Most photographers also charge licensing fees separately from shoot fees — particularly for commercial work. If a brand wants to use your image in a national advertising campaign, that usage right is worth significantly more than the shoot itself. Research licensing before you quote for commercial jobs.
Finding and Keeping Clients
The best freelance photographers build businesses primarily on referrals and repeat clients. But you have to build the pipeline first:
- Instagram — still the most effective portfolio platform for photographers. Post consistently in your niche. Use location tags and business-relevant hashtags.
- Google Business Profile — essential for local photography work. Reviews and local SEO drive consistent enquiries.

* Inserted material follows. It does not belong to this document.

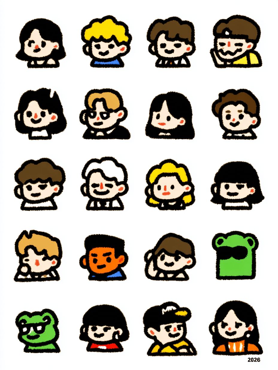 1000 völlig unterschiedliche Varianten von Cartoon-Charakter-Avataren, süße Jungen und Mädchen, stylisch wie Models, sehr individuell, angeordnet in einem Raster mit schwarzen Rändern, einschließlich Marvel- und DC-Charakteren sowie Pepe der Frosch und verschiedenen Variationen unbekannter Charaktere.

- Direct outreach — email marketing directors, social media managers, and small business owners directly. One real connection beats 100 cold enquiries.
- Stock libraries — passive income from Shutterstock, Getty, and Adobe Stock will not replace client work, but it offsets costs and keeps your work in front of buyers.
APPLY THIS THIS WEEK
- Pick your niche. Write it in one sentence: "I photograph [type of work] for [type of client] in [location]."
- Identify the 10 best images you have ever taken in your chosen niche. These become your portfolio.
- Set up a simple portfolio website if you do not have one. Squarespace or Format — done in a day.
- Identify 5 local businesses that would benefit from your niche photography. Reach out to one today.